**Brief**.
The answer is the exact run of lines in the listing below from the line containing "O break, estilo" up to and including the line containing "Akun @trianovandaptr mengunggah", with pictures removed.

**Material provided**.
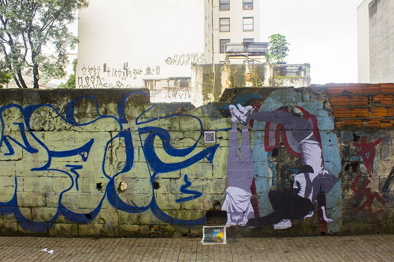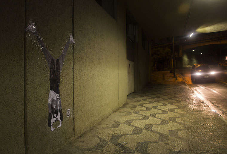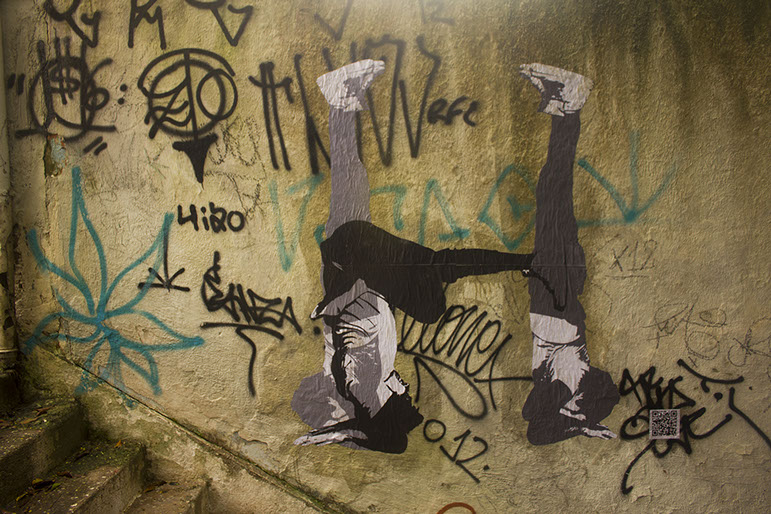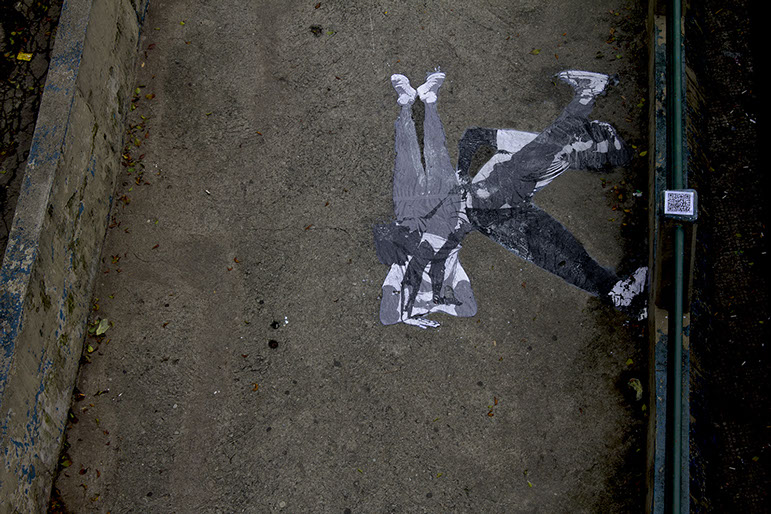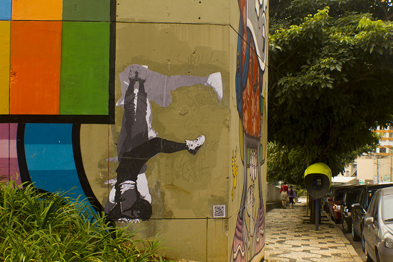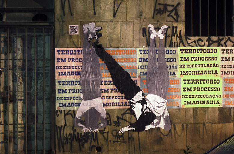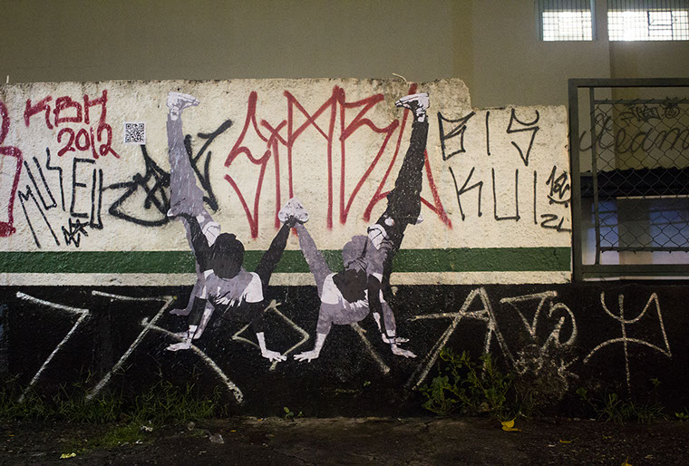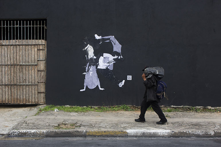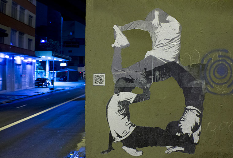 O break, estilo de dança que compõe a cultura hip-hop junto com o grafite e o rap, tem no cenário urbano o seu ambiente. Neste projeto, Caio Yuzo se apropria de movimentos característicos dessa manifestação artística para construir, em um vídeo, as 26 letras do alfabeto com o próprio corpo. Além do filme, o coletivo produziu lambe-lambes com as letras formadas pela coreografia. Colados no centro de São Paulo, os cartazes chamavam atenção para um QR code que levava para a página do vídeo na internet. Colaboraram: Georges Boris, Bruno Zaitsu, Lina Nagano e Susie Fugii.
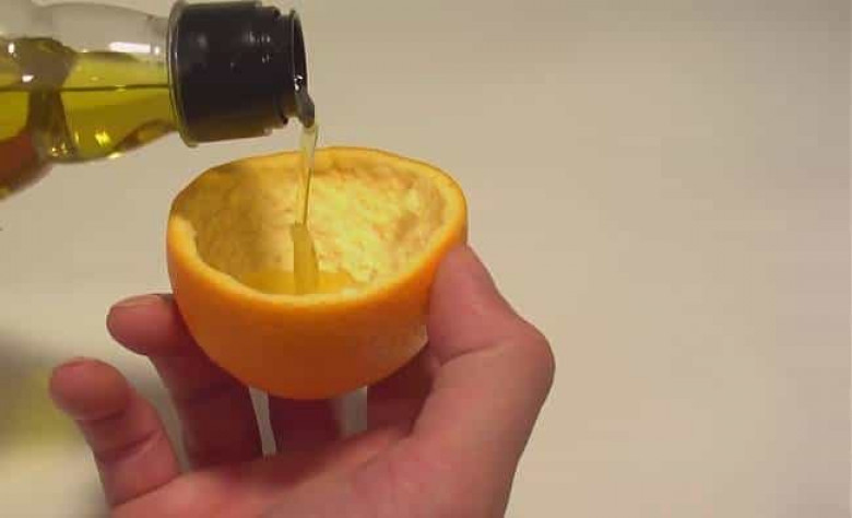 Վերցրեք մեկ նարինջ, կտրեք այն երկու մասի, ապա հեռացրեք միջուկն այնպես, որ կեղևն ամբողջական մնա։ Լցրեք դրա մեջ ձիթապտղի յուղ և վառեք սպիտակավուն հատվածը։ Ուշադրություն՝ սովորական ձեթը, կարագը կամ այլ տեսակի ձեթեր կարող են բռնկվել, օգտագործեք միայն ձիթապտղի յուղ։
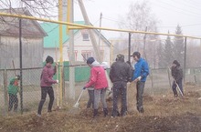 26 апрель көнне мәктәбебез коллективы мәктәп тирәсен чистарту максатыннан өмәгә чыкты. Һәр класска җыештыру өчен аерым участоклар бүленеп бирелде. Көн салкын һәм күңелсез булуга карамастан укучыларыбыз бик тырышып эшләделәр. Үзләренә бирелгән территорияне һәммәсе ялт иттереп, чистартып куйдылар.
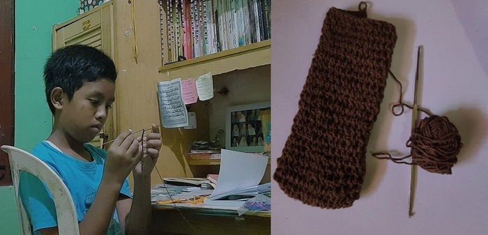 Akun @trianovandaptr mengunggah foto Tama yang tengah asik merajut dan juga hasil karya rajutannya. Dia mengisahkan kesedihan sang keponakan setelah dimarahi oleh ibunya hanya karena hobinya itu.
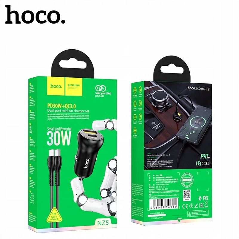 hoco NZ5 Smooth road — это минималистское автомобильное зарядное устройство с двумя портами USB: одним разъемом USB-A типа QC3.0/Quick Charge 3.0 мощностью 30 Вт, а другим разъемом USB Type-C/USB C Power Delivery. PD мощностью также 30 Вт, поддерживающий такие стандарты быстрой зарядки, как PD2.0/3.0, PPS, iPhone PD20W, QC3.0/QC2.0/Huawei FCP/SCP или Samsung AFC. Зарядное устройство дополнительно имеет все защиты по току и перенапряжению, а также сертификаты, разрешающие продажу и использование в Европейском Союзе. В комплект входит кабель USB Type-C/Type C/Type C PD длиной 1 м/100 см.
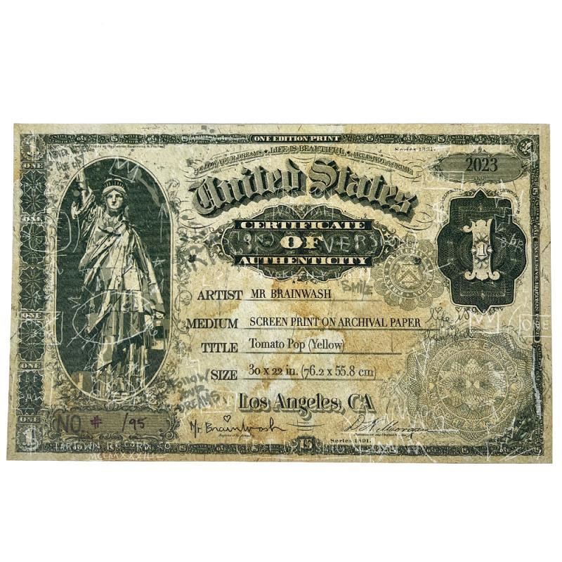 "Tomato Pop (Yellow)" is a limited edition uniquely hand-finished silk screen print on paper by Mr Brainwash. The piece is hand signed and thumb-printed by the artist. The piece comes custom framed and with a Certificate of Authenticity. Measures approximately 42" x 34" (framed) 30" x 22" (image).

==

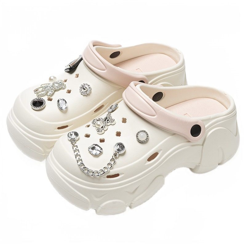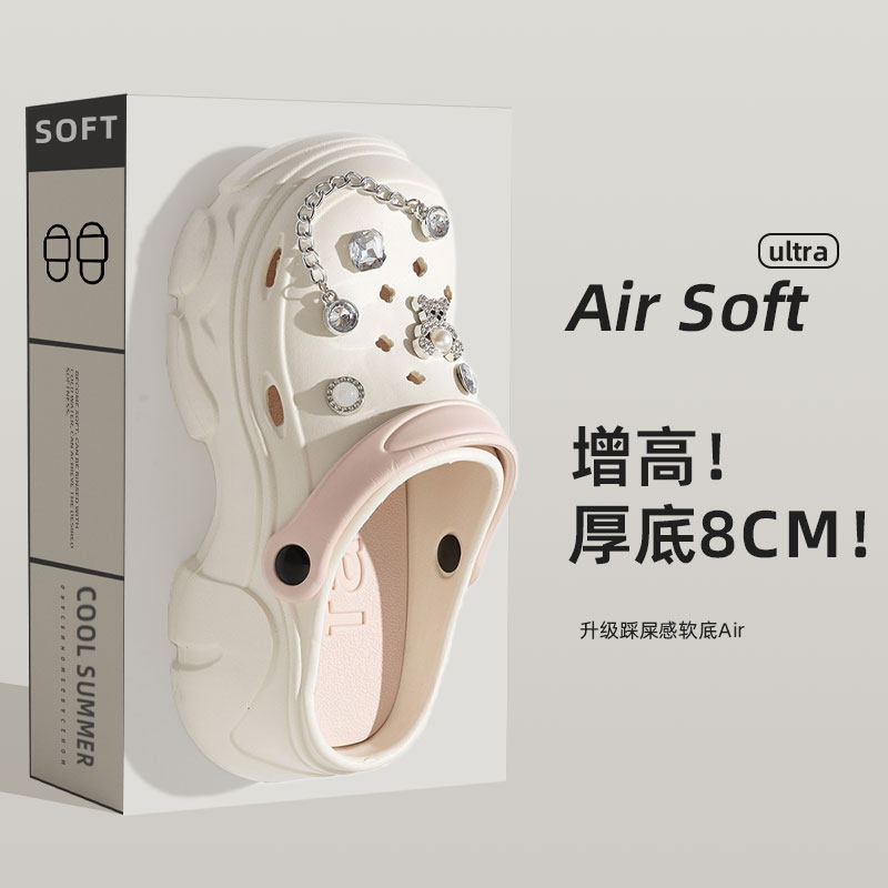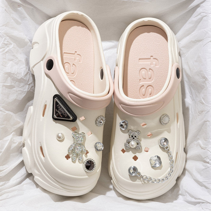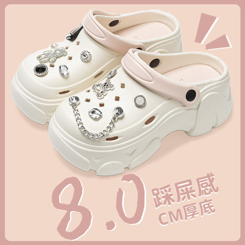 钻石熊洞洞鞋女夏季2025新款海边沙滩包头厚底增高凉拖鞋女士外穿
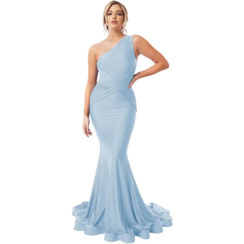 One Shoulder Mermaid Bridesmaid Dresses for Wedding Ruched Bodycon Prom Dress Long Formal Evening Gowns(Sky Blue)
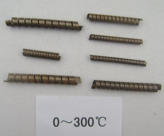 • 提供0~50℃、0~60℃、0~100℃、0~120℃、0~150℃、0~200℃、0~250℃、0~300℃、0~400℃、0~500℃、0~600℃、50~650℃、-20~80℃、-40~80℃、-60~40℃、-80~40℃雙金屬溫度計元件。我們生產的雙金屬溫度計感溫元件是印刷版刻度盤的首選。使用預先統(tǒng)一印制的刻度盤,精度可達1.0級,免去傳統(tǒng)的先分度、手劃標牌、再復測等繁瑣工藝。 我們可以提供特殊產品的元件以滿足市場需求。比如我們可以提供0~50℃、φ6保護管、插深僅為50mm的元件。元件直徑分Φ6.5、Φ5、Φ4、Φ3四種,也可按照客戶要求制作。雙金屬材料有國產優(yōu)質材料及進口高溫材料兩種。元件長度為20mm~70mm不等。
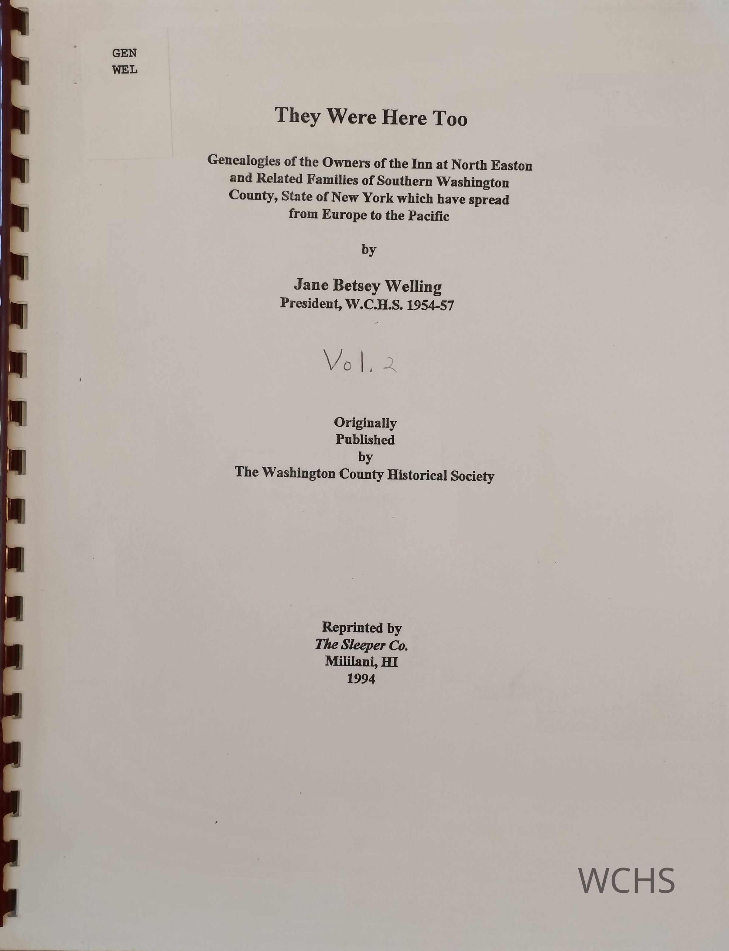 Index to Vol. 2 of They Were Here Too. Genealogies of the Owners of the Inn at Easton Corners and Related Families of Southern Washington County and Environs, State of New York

...

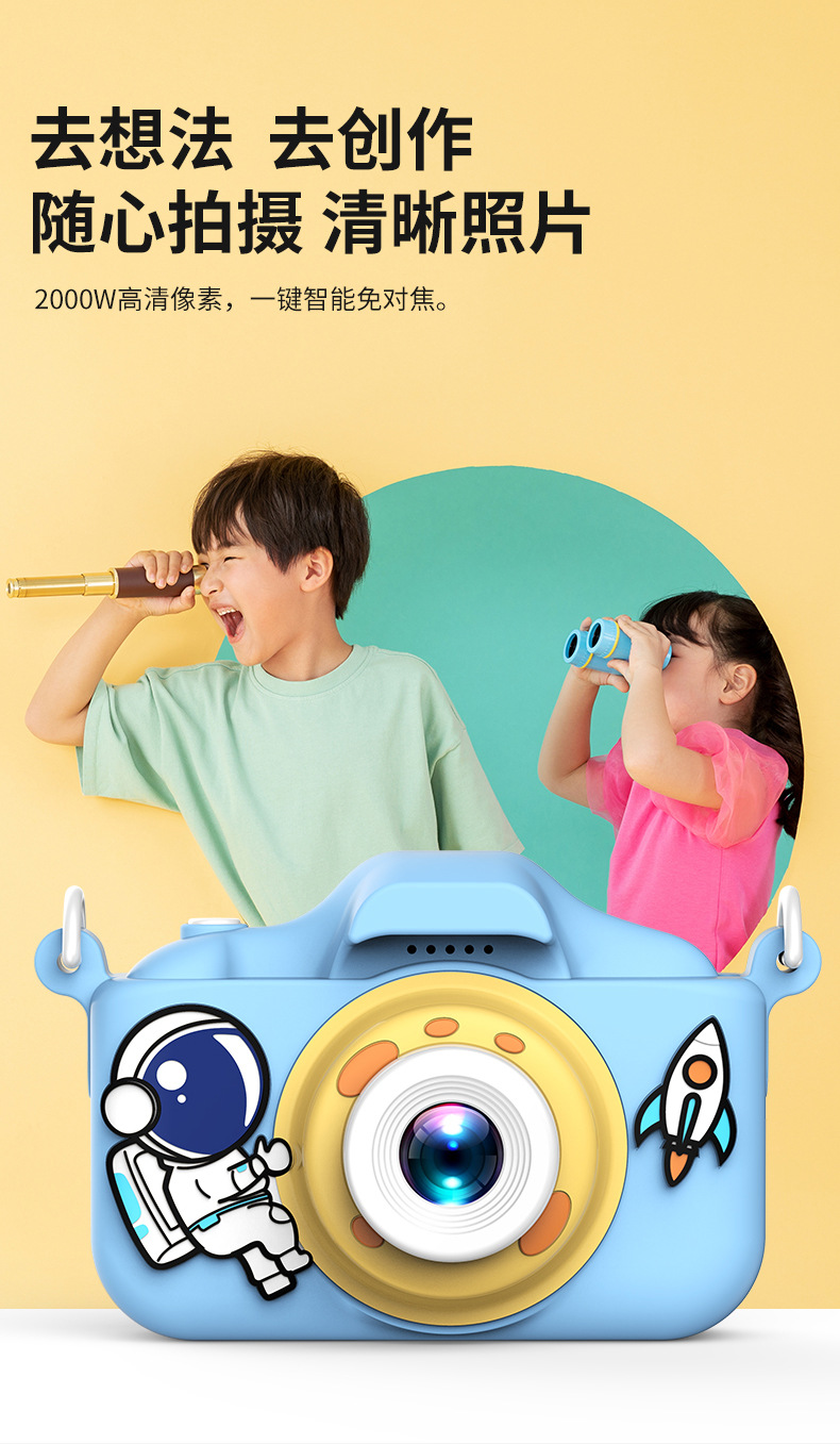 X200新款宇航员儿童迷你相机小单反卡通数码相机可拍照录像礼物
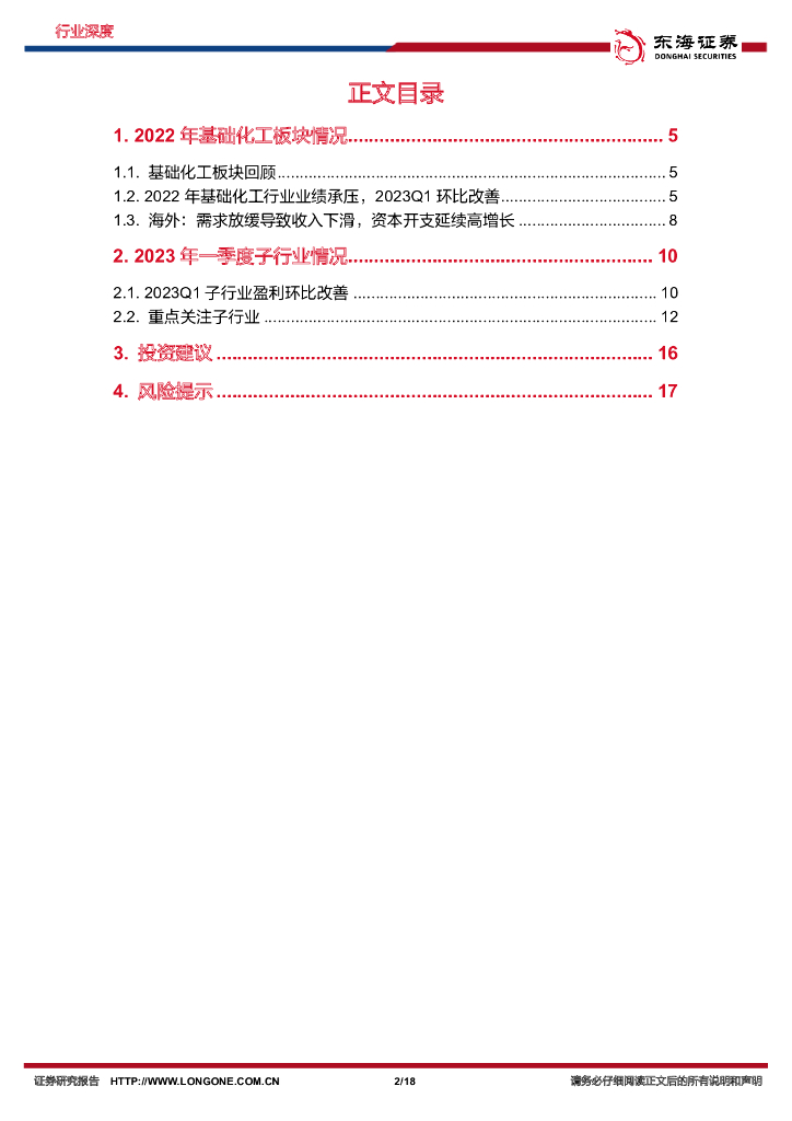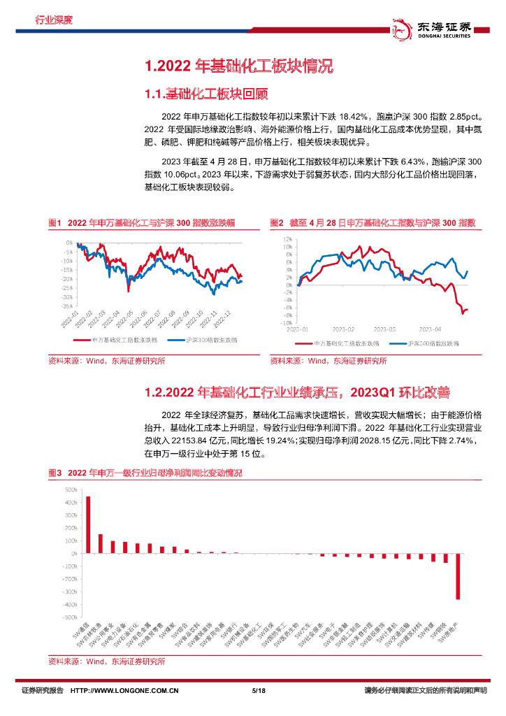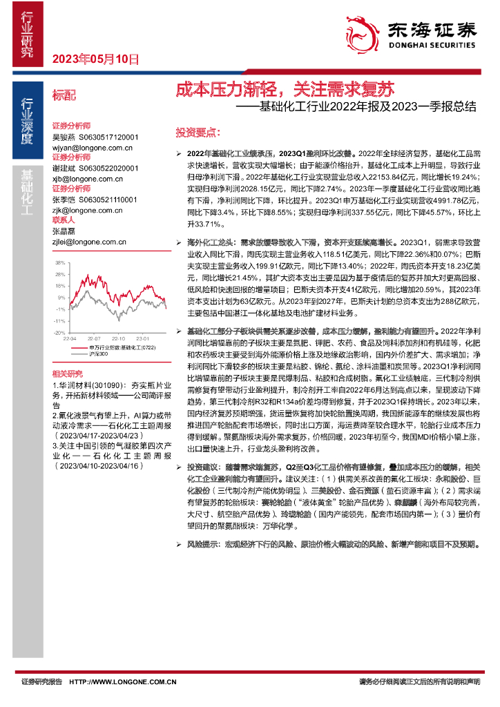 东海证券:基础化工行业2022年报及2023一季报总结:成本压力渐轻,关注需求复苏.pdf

**Exercise answer**.
 O break, estilo de dança que compõe a cultura hip-hop junto com o grafite e o rap, tem no cenário urbano o seu ambiente. Neste projeto, Caio Yuzo se apropria de movimentos característicos dessa manifestação artística para construir, em um vídeo, as 26 letras do alfabeto com o próprio corpo. Além do filme, o coletivo produziu lambe-lambes com as letras formadas pela coreografia. Colados no centro de São Paulo, os cartazes chamavam atenção para um QR code que levava para a página do vídeo na internet. Colaboraram: Georges Boris, Bruno Zaitsu, Lina Nagano e Susie Fugii.
 Վերցրեք մեկ նարինջ, կտրեք այն երկու մասի, ապա հեռացրեք միջուկն այնպես, որ կեղևն ամբողջական մնա։ Լցրեք դրա մեջ ձիթապտղի յուղ և վառեք սպիտակավուն հատվածը։ Ուշադրություն՝ սովորական ձեթը, կարագը կամ այլ տեսակի ձեթեր կարող են բռնկվել, օգտագործեք միայն ձիթապտղի յուղ։
 26 апрель көнне мәктәбебез коллективы мәктәп тирәсен чистарту максатыннан өмәгә чыкты. Һәр класска җыештыру өчен аерым участоклар бүленеп бирелде. Көн салкын һәм күңелсез булуга карамастан укучыларыбыз бик тырышып эшләделәр. Үзләренә бирелгән территорияне һәммәсе ялт иттереп, чистартып куйдылар.
 Akun @trianovandaptr mengunggah foto Tama yang tengah asik merajut dan juga hasil karya rajutannya. Dia mengisahkan kesedihan sang keponakan setelah dimarahi oleh ibunya hanya karena hobinya itu.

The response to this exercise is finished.